Opus 4.6 introduced a new Effort parameter with four levels: `low`, `medium`, `igh (default), and max.

It changes Claude’s behavior. At low, Claude skips extended thinking, makes fewer tool calls, and moves faster. At `high`, Claude reasons deeply and thoroughly and gives you the most thorough exploration of the problem.

Here’s the practical breakdown:

Diagram explaining different Claude effort levels in Opus 4.6 — Effort levels help you stop overspending on simple tasks

low — Skips thinking, minimizes tokens, moves fast. Use for quick lookups, simple translations, subagents doing routine work.

medium — Moderate depth, may skip thinking for easy queries. Use for routine code generation, balanced agentic tasks.

high (default) — Deep reasoning on almost everything. Use for complex coding, architecture decisions.

max (Opus 4.6 only) — No constraints on thinking depth. Use for hard problems where you need Claude to exhaust every angle.

Screenshot of a terminal running Claude Code showing effort setting with Opus 4.6 — Effort is customizable

Anthropic themselves say it: ”Opus 4.6 often thinks more deeply and more carefully revisits its reasoning before settling on an answer. This produces better results on harder problems, but can add cost and latency on simpler ones.” They literally recommend dialing effort down to `medium` if the model is overthinking.

The key insight: you decide the effort level, not Claude. You’re the one who knows whether a task is trivial or genuinely hard. The AI doesn’t decide for you - you decide for the AI.

Here’s the API call:

import anthropic

client = anthropic.Anthropic()

response = client.messages.create(
   model="claude-opus-4-6",
   max_tokens=16000,
   thinking={
       "type": "adaptive"
   },
   output_config={
       "effort": "low"  # or "medium", "high", "max"
   },
   messages=[{
       "role": "user",
       "content": "What is the capital of France?"
   }]
)

What you can do right now: If you’re building anything with the API, add effort to your calls. Use low for subagents doing simple lookups. Use max when you’re debugging something genuinely hard. You’ll notice the speed difference on low immediately - and the depth difference on max when it matters.

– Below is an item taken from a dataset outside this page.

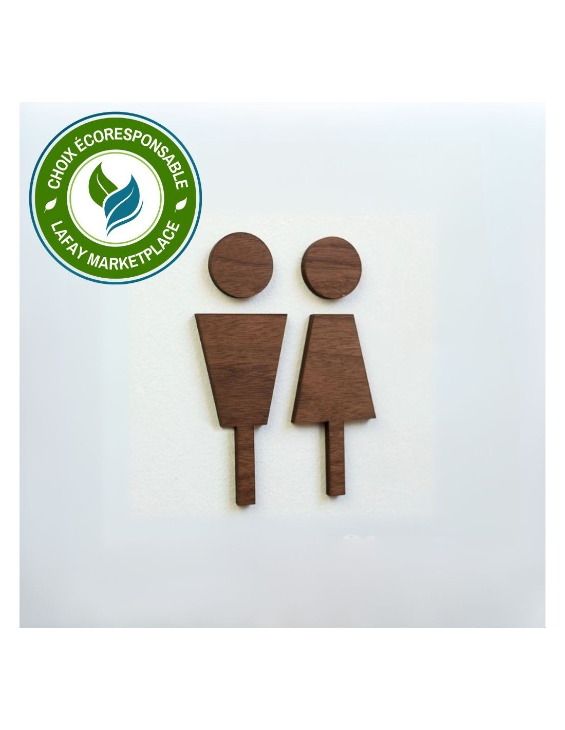 Un petit panneau, un grand classique. Ce modèle "Toilettes H/F" en bois gravé propose une signalétique claire, minimaliste et élégante, pour vos espaces sanitaires. Sans bordure, son design épuré met en avant la matière brute et s'intègre dans tous types d’univers : rustique, moderne ou événementiel.

One more thing: Effort replaces budget_tokens, which is now deprecated on Opus 4.6. If you’re still manually setting thinking token budgets, switch to effort levels. Claude now handles the allocation itself through what Anthropic calls adaptive thinking.

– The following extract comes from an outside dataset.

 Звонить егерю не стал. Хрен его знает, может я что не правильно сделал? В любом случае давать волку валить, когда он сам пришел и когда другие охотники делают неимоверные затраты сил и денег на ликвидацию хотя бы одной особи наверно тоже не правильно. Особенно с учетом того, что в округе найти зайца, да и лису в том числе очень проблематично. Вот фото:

Jeff here! Today’s newsletter is sponsored by my friends at Augment Code.

Augment has been kind enough to give me early access to Intent, their next-generation tool for developing software.

All signs are pointing to the fact that the IDE is no longer the ideal place to create software.

Augment Code has jumped on this opportunity, and my first impressions are great.

Check out Intent

Adaptive thinking in Opus 4.6

Before Opus 4.6, you were only able to manually toggle extended thinking on or off and set a token budget.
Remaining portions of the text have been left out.